An innovative AI company, backed by leading investors, is seeking a Senior Software Engineer to help shape the foundation for decentralized AI development at scale. The company provides a cutting-edge platform that enables researchers and engineers to train state-of-the-art models collaboratively, combining distributed training infrastructure with an intuitive developer experience.
The Role
This hybrid role spans both developer platform and infrastructure layers, offering the opportunity to work on two key areas:
1. AI Workload Management Platform – Developing user-friendly tools for managing AI workloads.
2. Distributed Training Infrastructure – Building high-performance infrastructure to support large-scale model training.
Key Responsibilities
Platform Development
• Develop intuitive web interfaces for AI workload management and monitoring.
• Build REST APIs and backend services using Python.
• Implement real-time monitoring and debugging tools.
• Create user-facing features for resource allocation and job scheduling.
Infrastructure Development
• Design and implement distributed training infrastructure in Rust.
• Develop high-performance networking and coordination components.
• Automate infrastructure provisioning with tools like Ansible.
• Manage cloud resources and container orchestration (Kubernetes).
• Implement scheduling systems for heterogeneous hardware (CPU, GPU, TPU).
Technical Skills & Experience
Required Skills
Platform Development:
• Strong backend development experience in Python (FastAPI, async).
• Proficiency in modern frontend frameworks (TypeScript, React/Next.js, Tailwind).

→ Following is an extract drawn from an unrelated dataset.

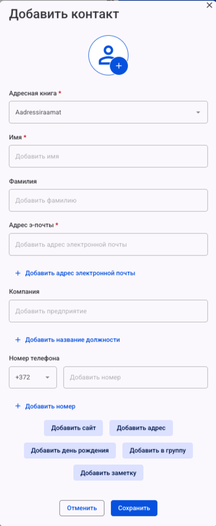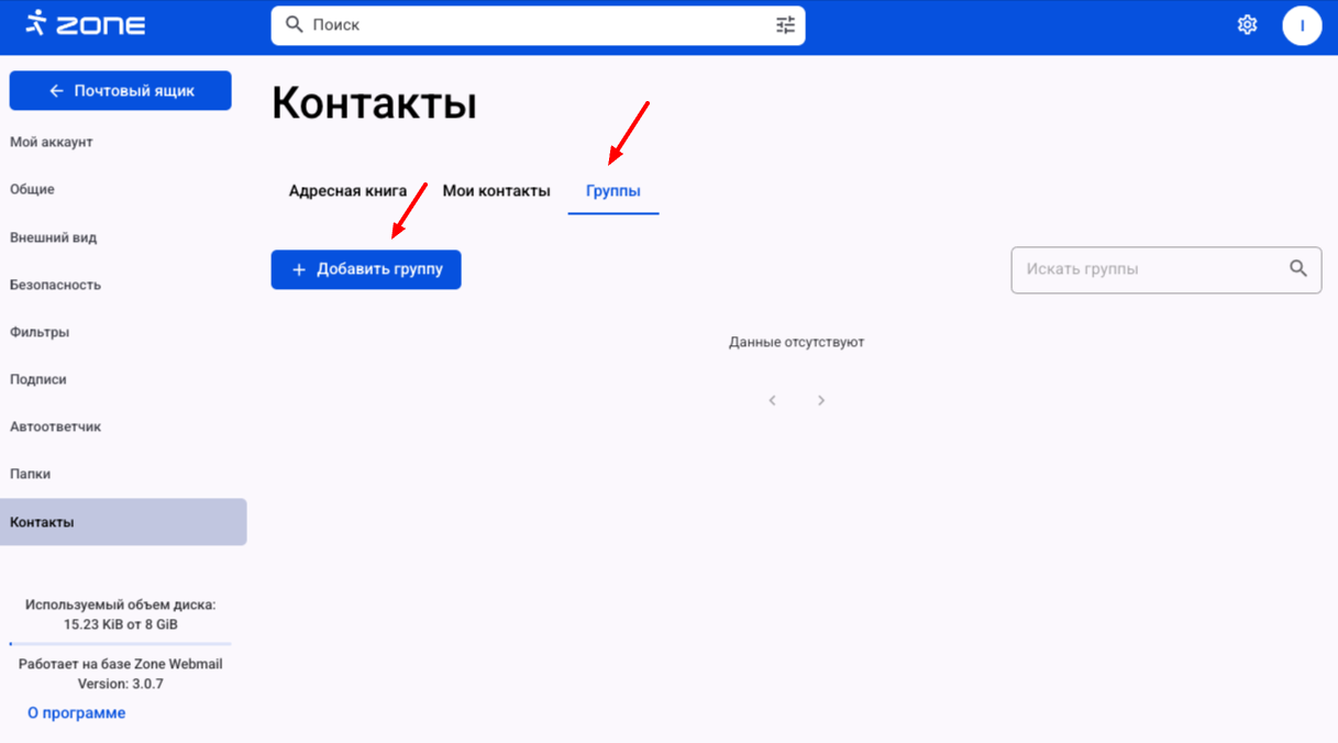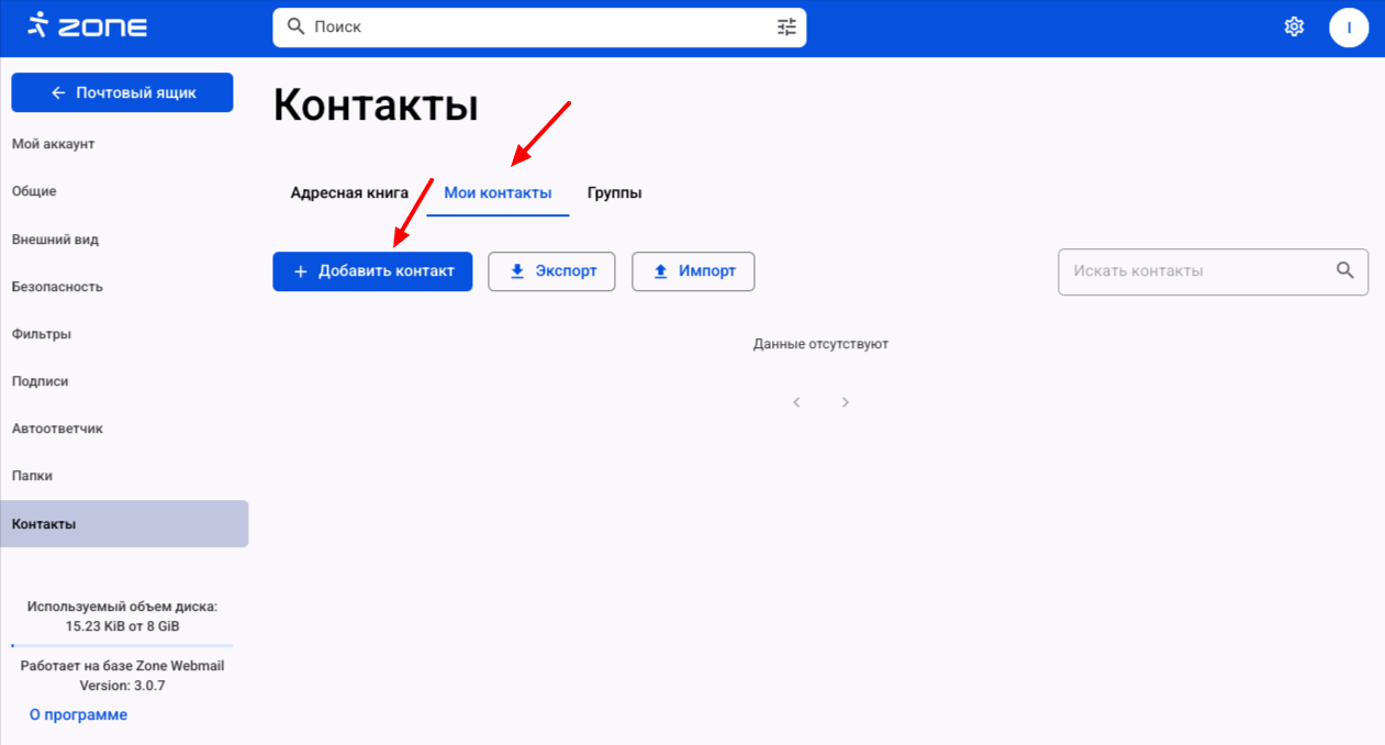 После создания адресной книги перейдите в раздел Мои контакты и нажмите Добавить контакт.

• Experience building developer tools and dashboards.
• Strong understanding of RESTful API design.
Infrastructure Development:
• Systems programming expertise with Rust.
• Hands-on experience with infrastructure automation (Ansible, Terraform).
• Proficiency in container orchestration (Kubernetes).
• Familiarity with cloud platforms (GCP preferred).
• Experience with observability tools (Prometheus, Grafana).
Nice to Have:
• Experience with GPU computing and ML infrastructure.
• Understanding of AI/ML model training architectures.
• Background in high-performance networking.
• Contributions to open-source infrastructure projects.
• Experience with real-time systems (WebSockets, streaming).